Шуйский тоже спрашивал Родиона об этом.
— Одно дело служить сильным и богатым, совсем другое — угнетенным и обездоленным, — продолжал Лушин. — Нет абстрактного добра, нет абстрактной справедливости. Все понятия классовые, непримиримо классовые. В том и бессилие пацифизма, что он борется не с болезнью, а с больным. Пойми, мысль, оторванная от жизни, может привести куда угодно, только не к истине. Если ты будешь служить сильным мира сего, могу заранее предсказать, что станется с тобой, — проговорил Лушин с иронической и злой ноткой в голосе. — Со временем тебе простят твои грехи и странности и даже твою смутную мечту о стране добра и справедливости. Ведь это она привела тебя сперва в мертвый дом, а теперь сюда. Зато тебя пустят на такие дела, что ты ужаснешься, если к тому времени в тебе останется хоть искра совести. Не перебивай, слушай дальше! — сказал Лушин, заметив негодующее движение Родиона. — В каторге я встретил странного человека с не менее странной фамилией Сволочёв. Афиноген Сволочев. Был он приговорен за убийство к вечной каторге. Тихий был, задумчивый, молчаливый. Только глаза какие-то тревожные и безумные, и смотрел он всегда куда-то мимо человека, в одну точку, смотрел тяжело и неподвижно. Время и болезнь крепко побили его, он доходил свои последние дни. «Людского суда не боюсь, — говорил он мне. — Перед людьми кто не виноват. А божьего суда боюсь. Страшно. Не глохнет память и молчать не желает». Он рассказал мне свою жизнь как на исповеди. Мне запомнился его рассказ дословно. Услышишь — поймешь почему.

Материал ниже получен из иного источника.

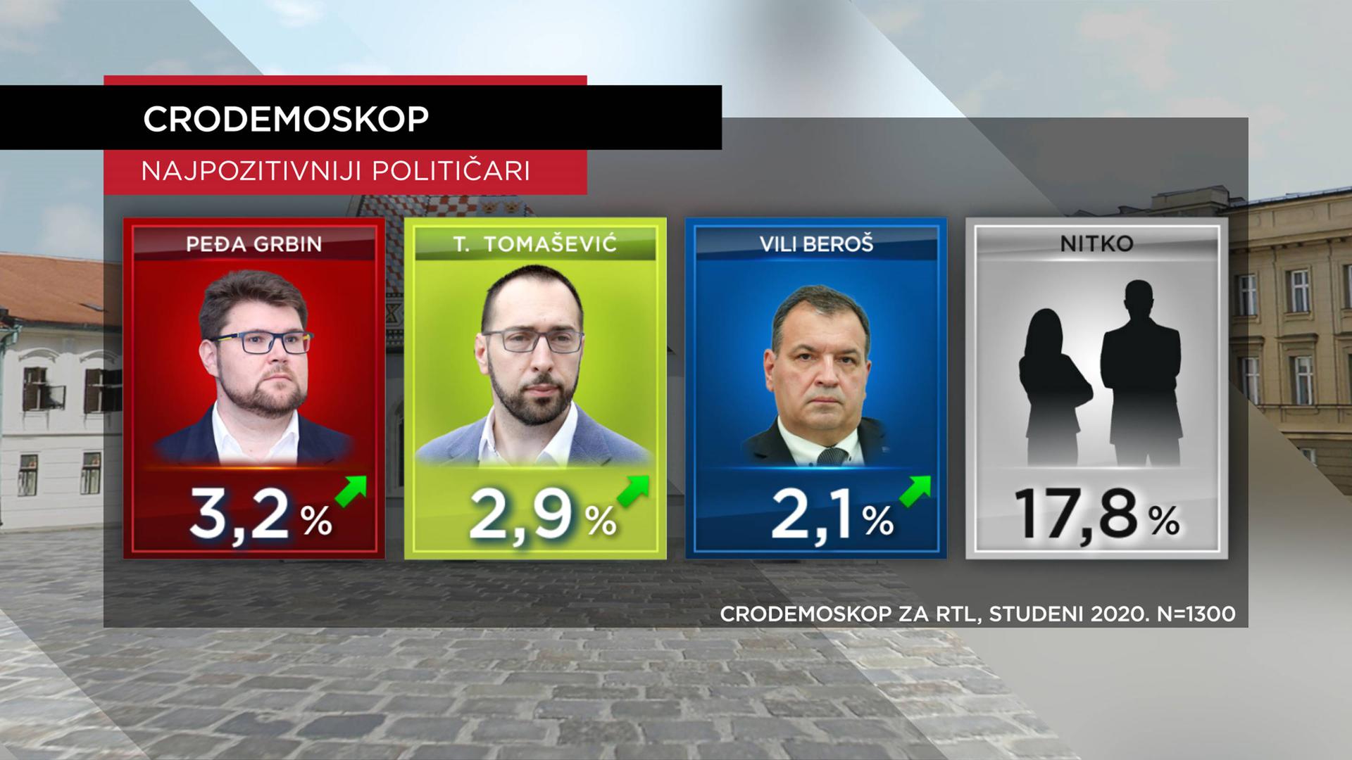 Slijedi novi predsjednik SDP-a Peđa Grbin (3,2 posto), pa čelnik platforme Možemo! Tomislav Tomašević (2,9 posto), tek nakon njih ministar zdravstva Vili Beroš (2,1 posto). 'Nitko' (17,8 posto) ostaje najpopularniji za gotovo 18 posto građana.

«Служил я у хозяина смолоду, — рассказывал он, — верой и правдой служил. Был ему предан, как тысяча собак. Что хозяин скажет — закон. Скажет, прыгай в огонь — прыгну, скажет, убей — убью. Я из скопцов, ни семьи, ни родни. Веселый был хозяин, живой, меня сызмала приветил. Щедрый. Монастырям благодетельствовал, чтоб молились за него, а на паперть выйдет — полные карманы медяков, ни одной нищенки не обойдет. А говорил иносказательно, сразу и не поймешь его. „Не то, говорит, понимать надо, что сказано, а то, что не сказано“. Жил при нем старик отец, которого господь бог наказал долгой жизнью. На людях только и слышно: „папаша“, „вы“, „берегите себя“, а с глазу на глаз совсем другие слова: „Чтоб ты сдох, чертово чучело!“ — „Живьем в могилу гонишь“, — отвечал старик в слезах. Чем старик хозяину мешал — уж и не знаю. Мне, бывало, говорил: „Устал старик от долгой жизни. На севере живет народ — чукчи. У них разумный обычай: как наступит старость, бесполезная, тягостная для всех, так они старика отправляют к верхним людям, душат его ремнем. Старик даже сам просит, чтоб его удушили“.

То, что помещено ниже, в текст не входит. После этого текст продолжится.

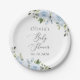 Dusty Blue Flowers, Greenery, Boho, Baby Shower Paper Plate

Сжалился я над несчастным стариком и над хозяином и помог господу богу прекратить их страдания. На сонного навалил подушку, он раза два дернулся и притих. Много ли старику надо? Очень убивался хозяин. „Одно, говорит, утешение, что помер отец во сне, не мучился и преставился, как праведник“.
— Но ведь ты убил человека, — сказал я Сволочеву.